Supplied data:

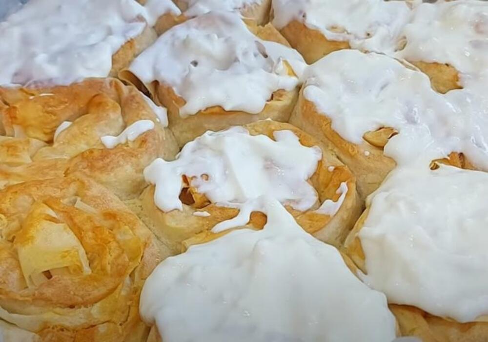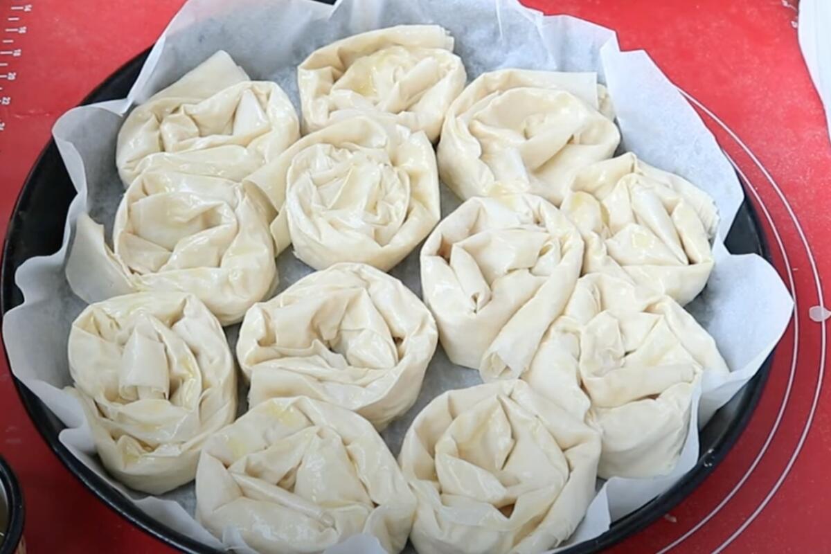 U činiju staviti izmrvljen kvasac, dodati mlaku vodu, izmešati (možete staviti i 1 kašičicu šećera). Dodati ulje i brašno. Izmešati da ne bude grudvica (treba biti kao za palačinke). Svaku koru preliti sa dve manje kutlače preliva i razvući po celoj kori. Uviti u rolnicu. Rolnicu uviti u krug, kao malu pitu. Ređati u podmazan pleh ili obložen pek papirom.
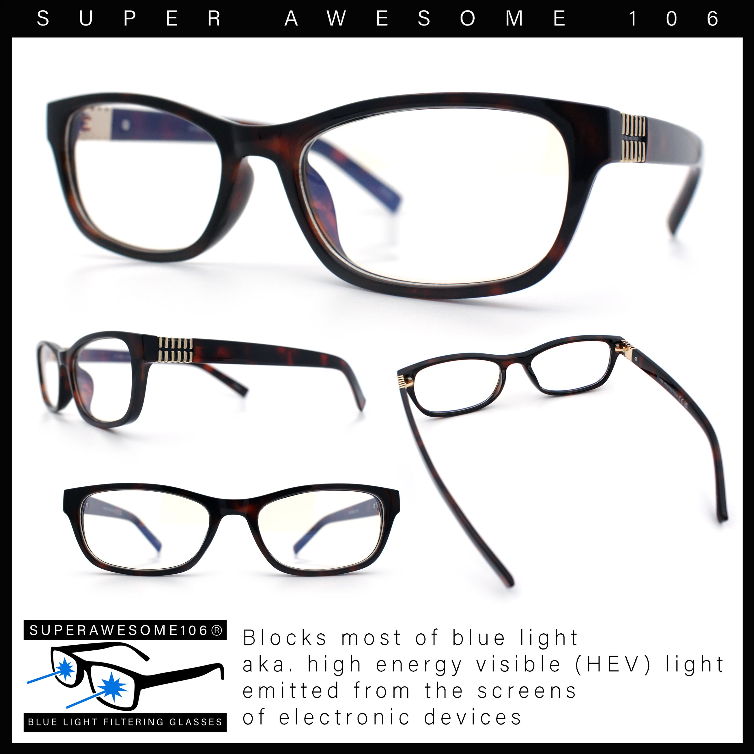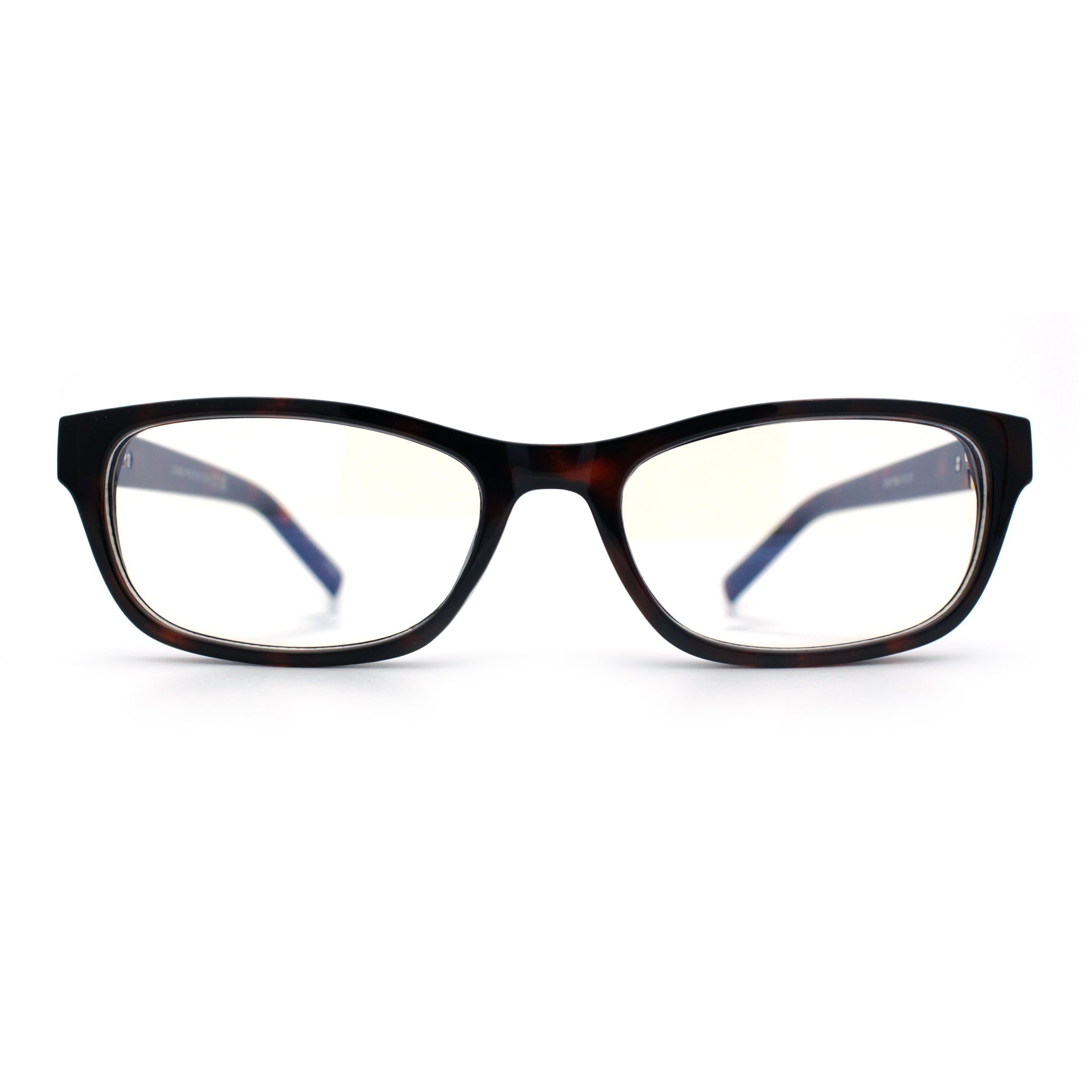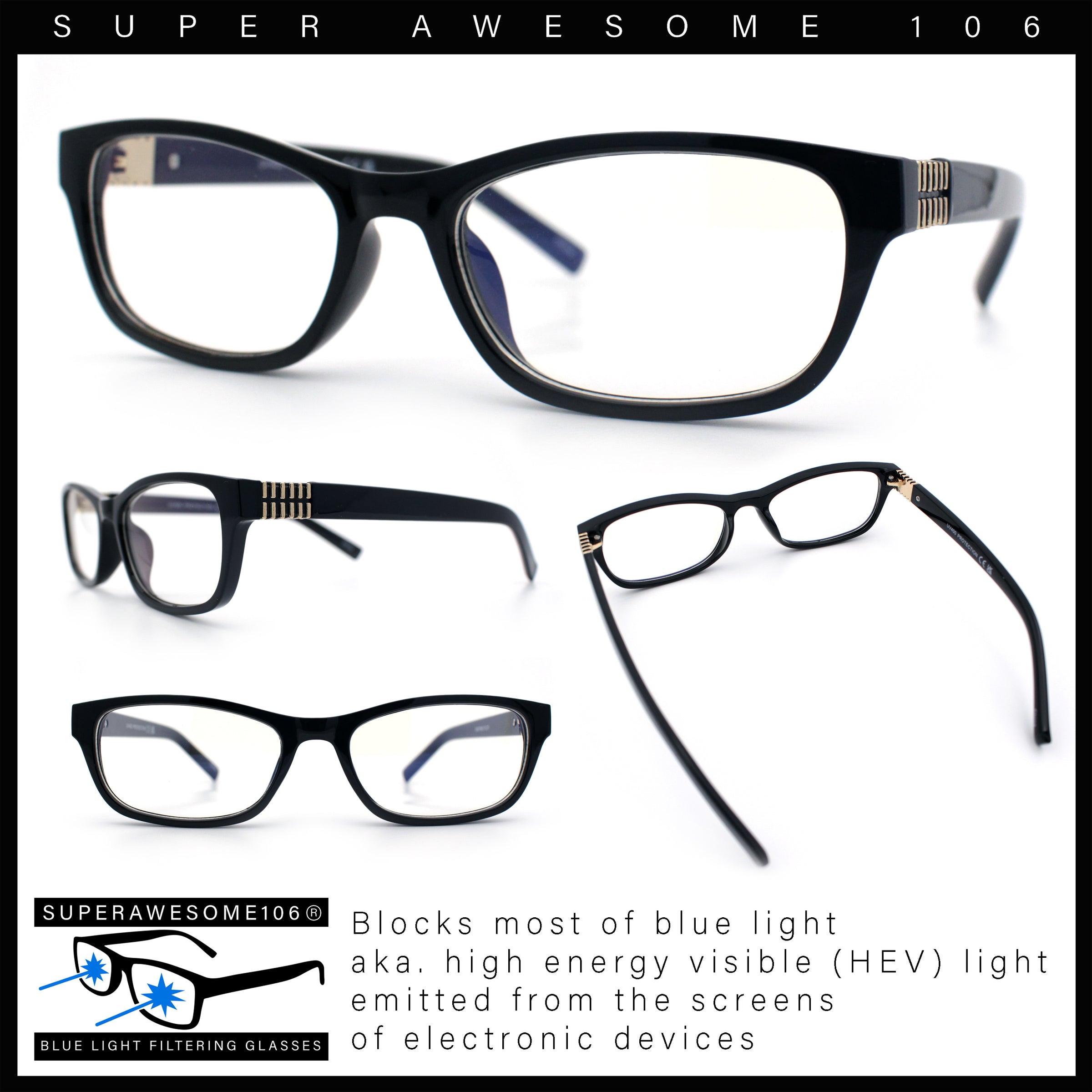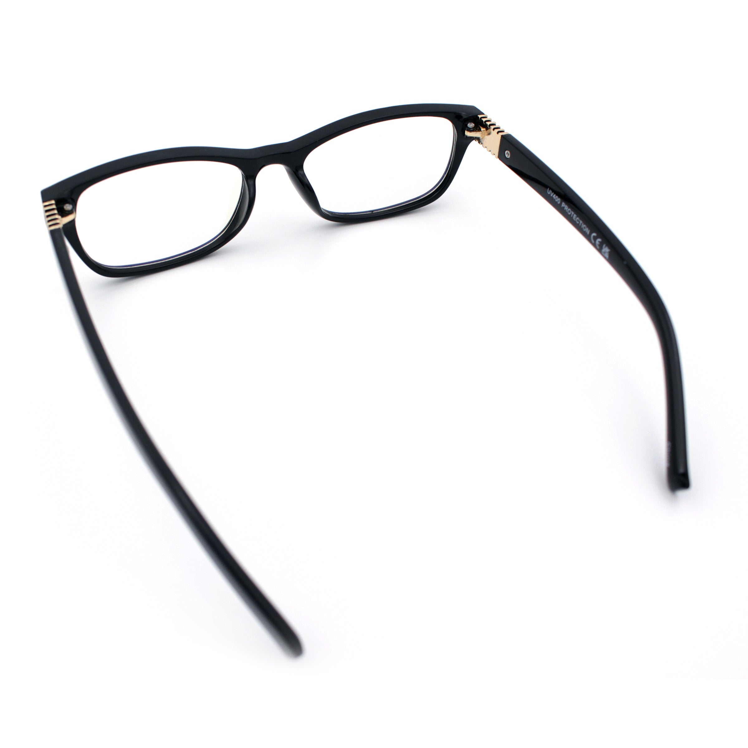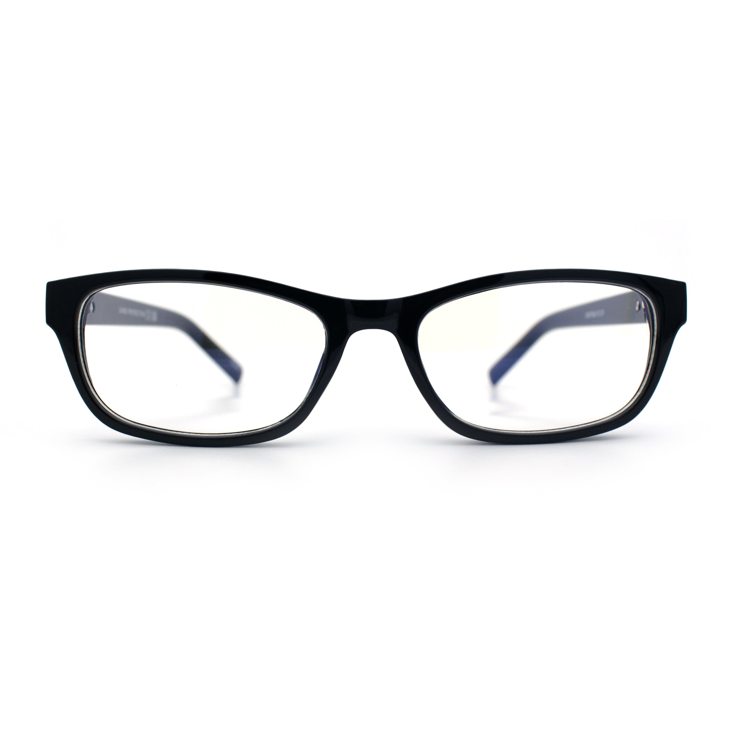 These classic narrow rectangle plastic clear lens blue light filtering glasses are perfect for complementing any fashionista with their screens and devices. The classy contemporary sizing and silhouette make them timeless and elegant. They are made with a plastic based frame, metal hinges, and ultra blue violet ray filtering polycarbonate (UV400 rated) computer lenses. These glasses will protect your eyes from the harmful effects of blue light from screens while also looking great on you. (d169)
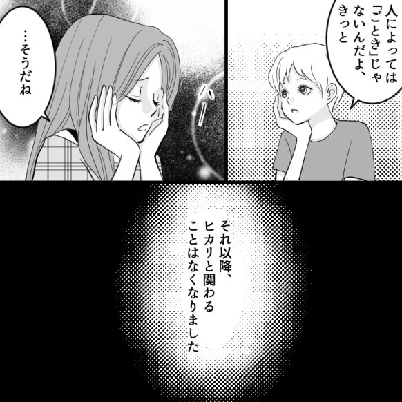ヒカリに無視をされて、『人間断捨離』をされたのは自分だったと気づいた主人公。
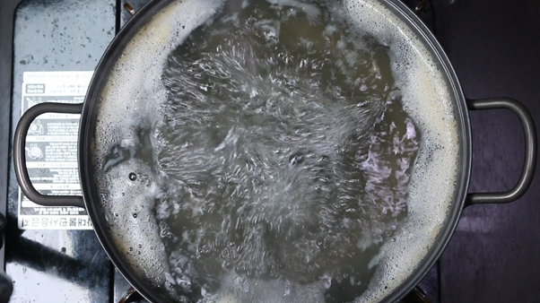 2. 2L의 멸치육수가 약 1.5L 정도로 줄면 멸치, 다시마, 청양고추를 모두 건져준다.

What you should do: Inclusive range, exact copy: the line containing "These classic narrow" through the last line of the listing. Print nothing else, and no pictures.

Solution for this exercise:
 These classic narrow rectangle plastic clear lens blue light filtering glasses are perfect for complementing any fashionista with their screens and devices. The classy contemporary sizing and silhouette make them timeless and elegant. They are made with a plastic based frame, metal hinges, and ultra blue violet ray filtering polycarbonate (UV400 rated) computer lenses. These glasses will protect your eyes from the harmful effects of blue light from screens while also looking great on you. (d169)
ヒカリに無視をされて、『人間断捨離』をされたのは自分だったと気づいた主人公。
 2. 2L의 멸치육수가 약 1.5L 정도로 줄면 멸치, 다시마, 청양고추를 모두 건져준다.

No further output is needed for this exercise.